-- Activity --
Below this line are records; write out exactly the lines from the one containing "2015~2024年國內民用無人機市場十年增長曲線" through the one containing "Ideal For Bridal", with the pictures left out.

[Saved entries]
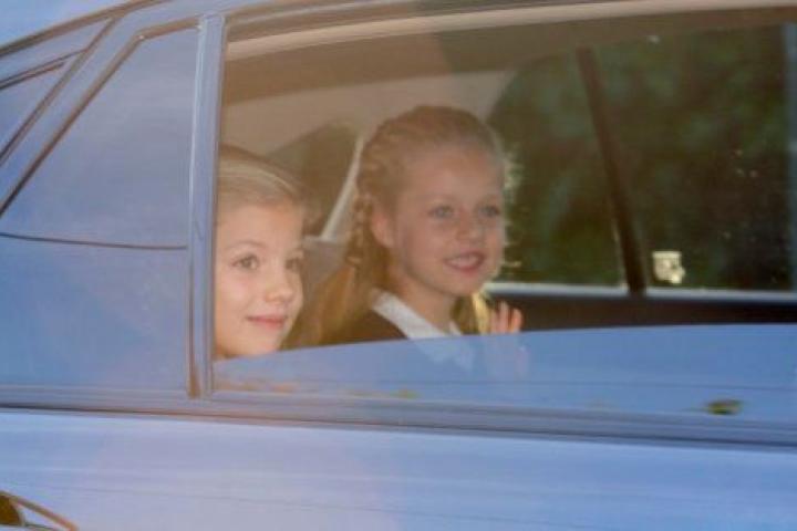 Tanto los Reyes como sus hijas han saludado desde el vehículo, con las ventanillas bajadas, a los numerosos fotógrafos que aguardaban su llegada frente a la entrada del centro, un colegio privado ubicado en la zona residencial de Aravaca y al que van vestidas de uniforme (jersey azul marino y falda gris).
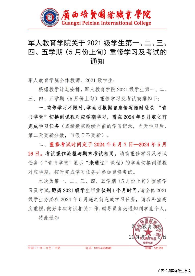 军人教育学院关于2021级学生第一、二、三🫸、 四、五学期(5月份上旬)重修学习及考试的通知
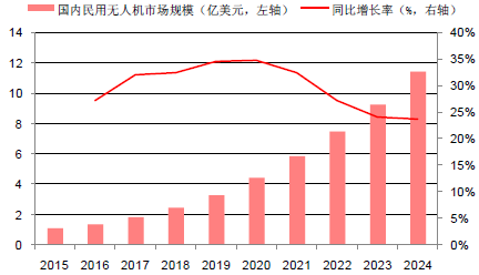 2015~2024年國內民用無人機市場十年增長曲線
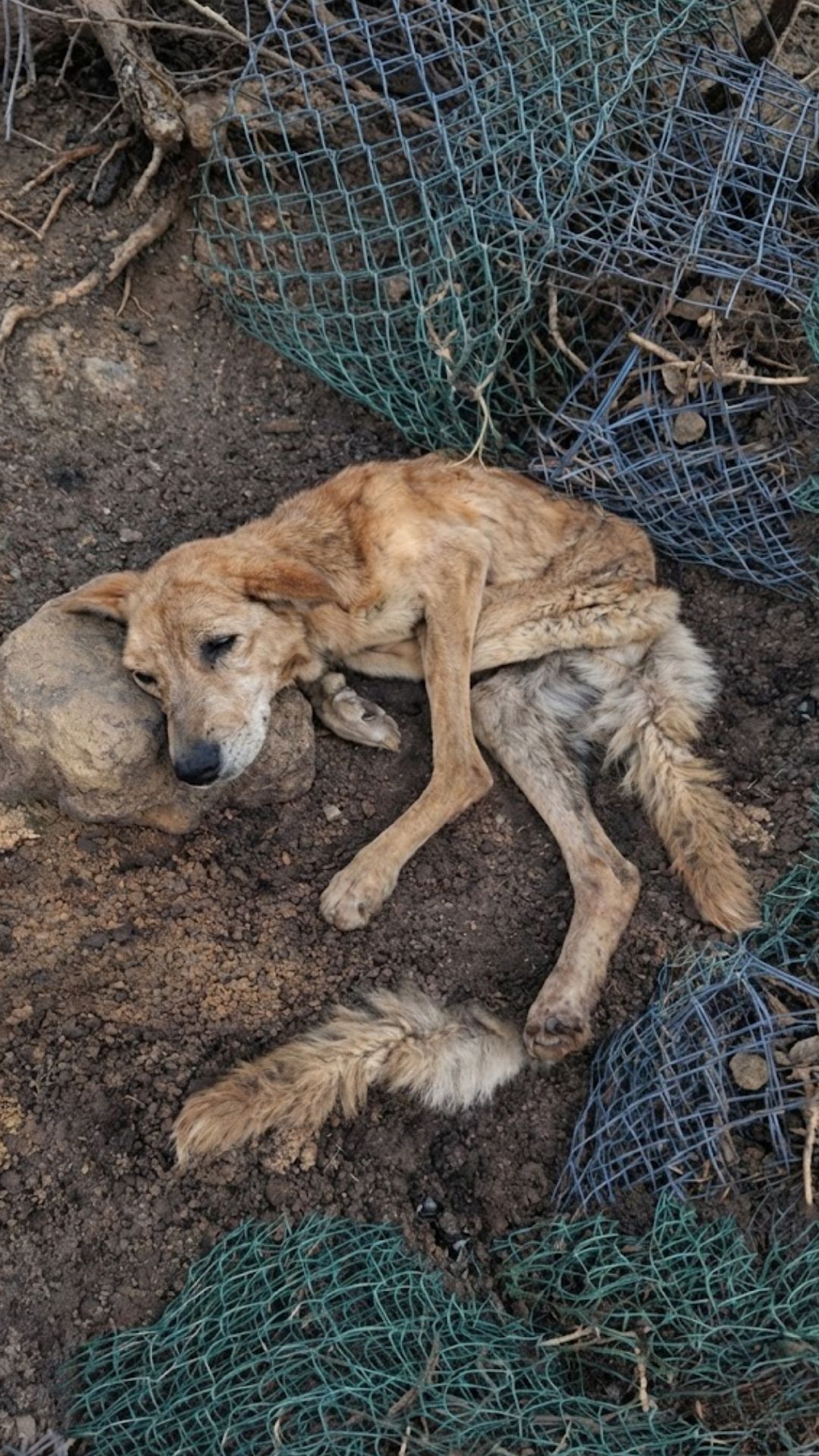 Her skin stretched tightly over sharp bones. Her legs had grown too weak to hold her body upright. Her eyes no longer held hope—only a quiet, heartbreaking question.
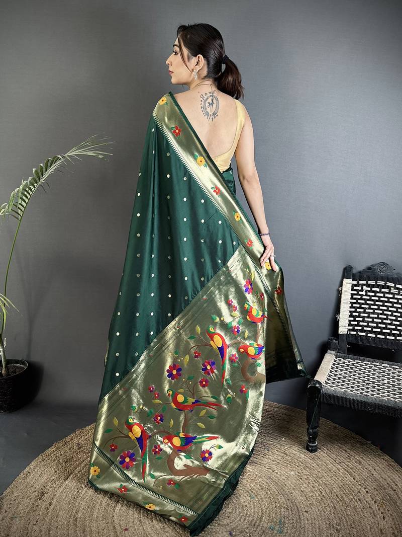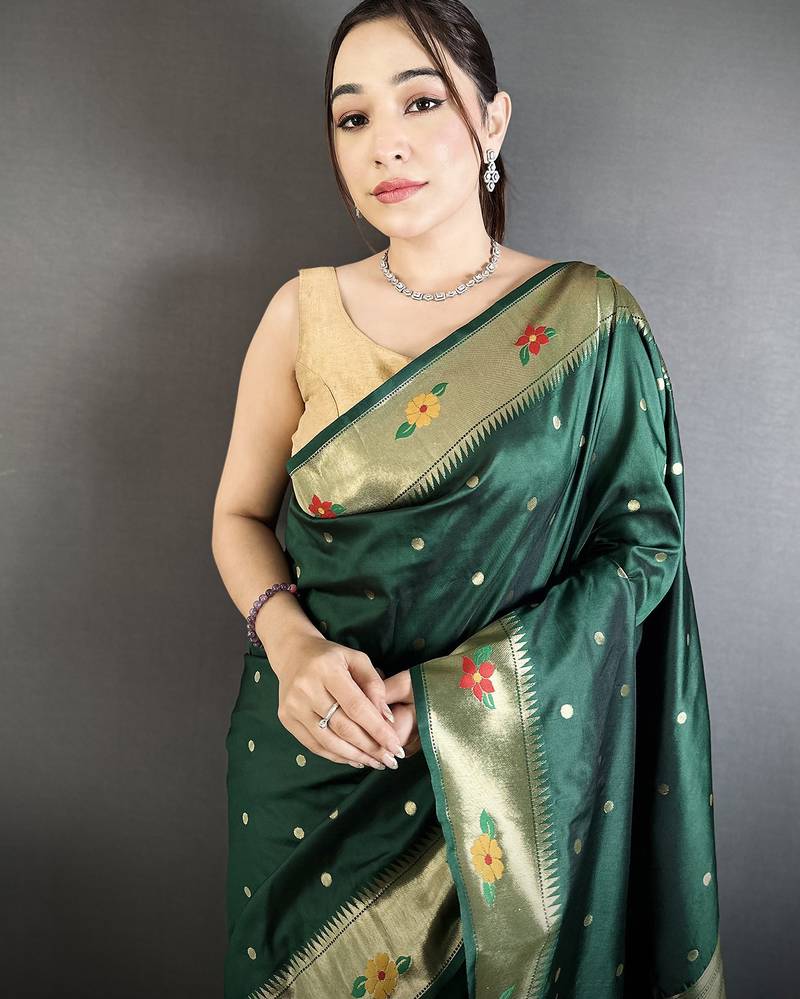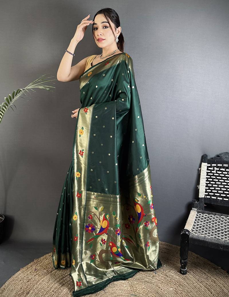 Ideal For Bridal Trousseau And Festive Gifting, This Traditional Paithani Silk Saree Blends Heritage With Refined Beauty. Elevate Your Ethnic Wardrobe With This Elegant Dark Green Silk Saree That Embodies Premium Quality, Exquisite Craftsmanship, And Timeless Appeal.
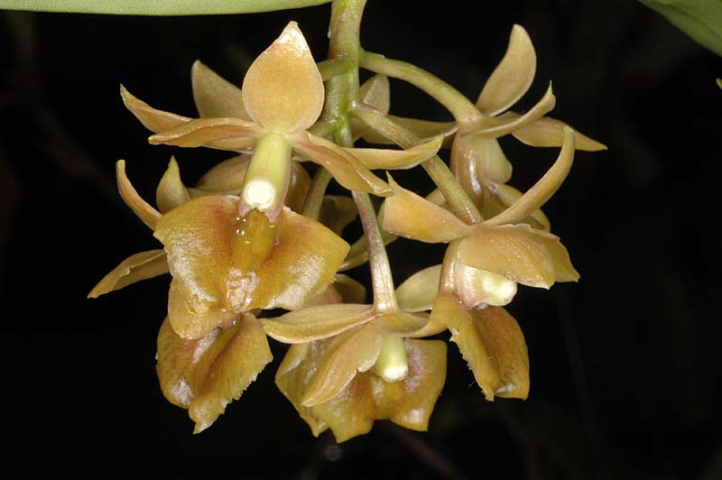 Found in southwestern Colombia on the eastern slope of the Cordillera Central and northwestern Ecuador on the upper western slope of the Andes on roadbanks and cliffs in cloud forests and among bushes and weeds below at elevations of 1500 to 3150 meters as a medium sized, cold growing epiphyte, lithophyte or terrestrial with a branching above, cane-like, terete stem enveloped by tubular leafless sheaths and carrying numerous, almost all along the stem, coriaceous, alternate, narrowly lanceolate to linear, obtuse, unequally bilobed, basally clasping, margin entire leaves that blooms in the fall through spring on a terminal, held close to the apex, racemose, arching, simultaneously 7 to 14 flowered inflorescence with much shorter than the ovary, deltoid, acuminate floral bracts and carrying clusters of a few to several, disagreeably scented, brown to reddish brown, rarely greenish brown flowers sometimes with a white column.
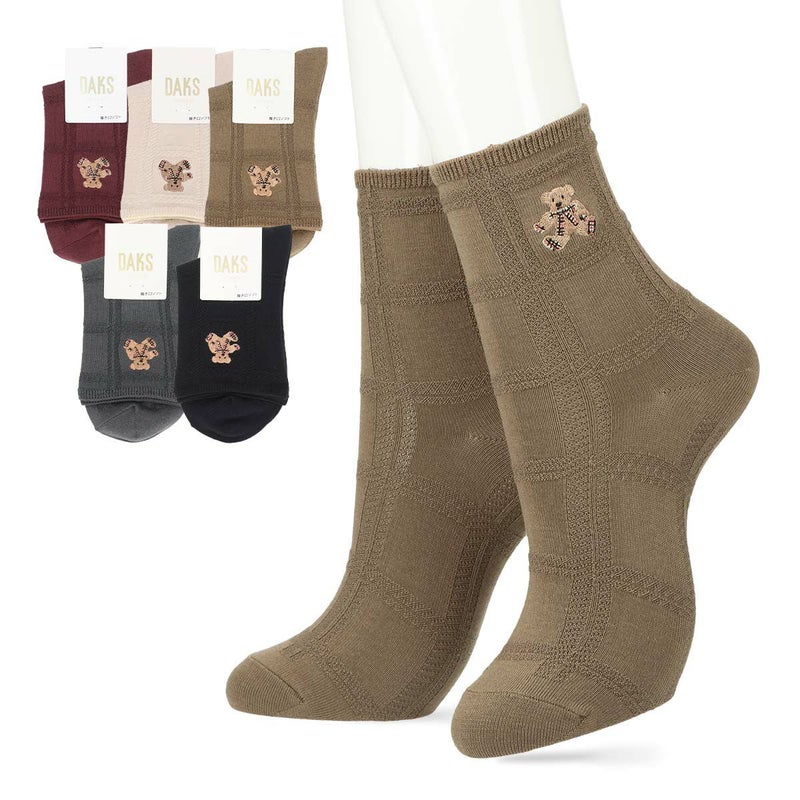 ダックス 公式オンラインショップ 婦人 靴下 DAKS 履き口ゆったり レーヨンシルク混 リンクスベア刺繍 クルー丈 レディース ソックス 03367320
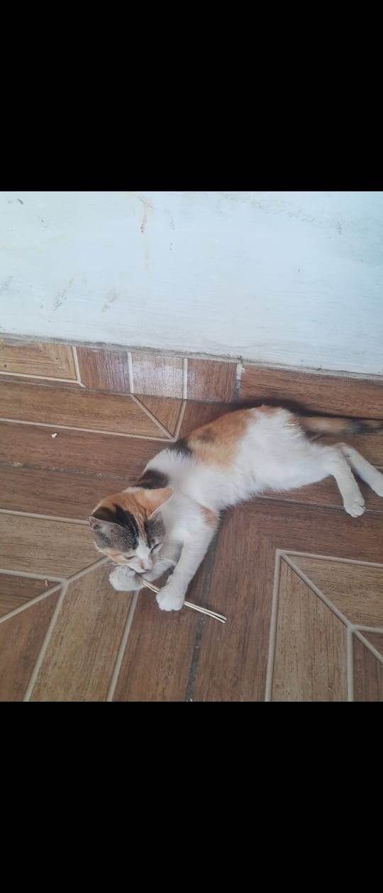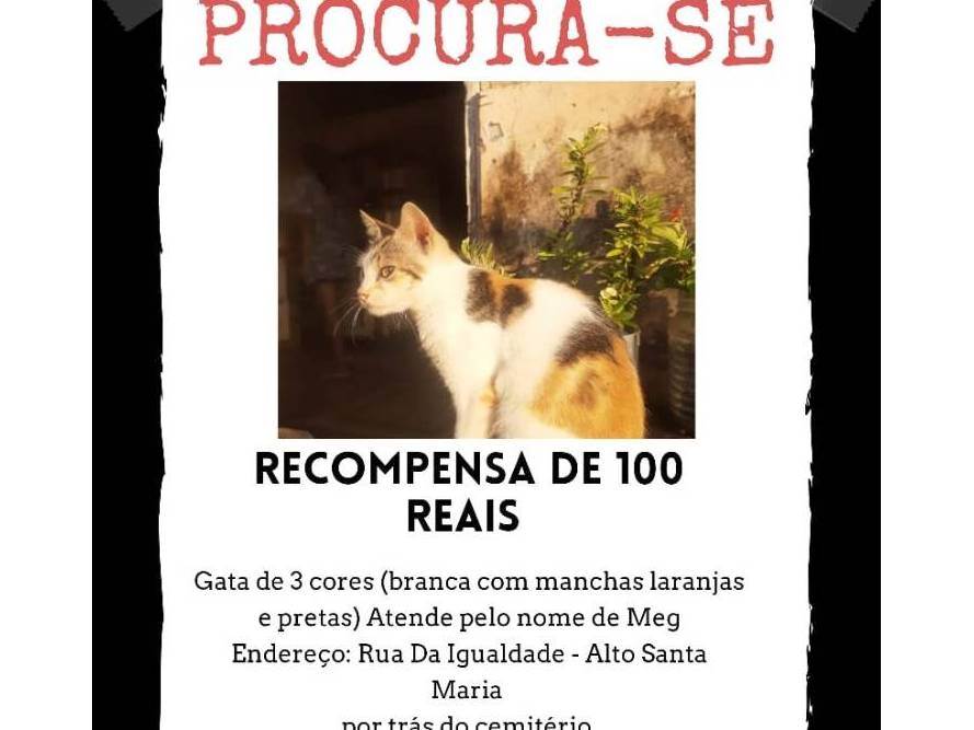 Meg  Fêmea   Raça: Exótico  Porte: Medio   Idade: 2 anos Pelagem: Branca/Preta    Perdido em: 15/08/2025 A gata é tricolor:Branca com pintas amarelada ou laranjada e pistas pretas

-- Task result --
 2015~2024年國內民用無人機市場十年增長曲線
 Her skin stretched tightly over sharp bones. Her legs had grown too weak to hold her body upright. Her eyes no longer held hope—only a quiet, heartbreaking question.
 Ideal For Bridal Trousseau And Festive Gifting, This Traditional Paithani Silk Saree Blends Heritage With Refined Beauty. Elevate Your Ethnic Wardrobe With This Elegant Dark Green Silk Saree That Embodies Premium Quality, Exquisite Craftsmanship, And Timeless Appeal.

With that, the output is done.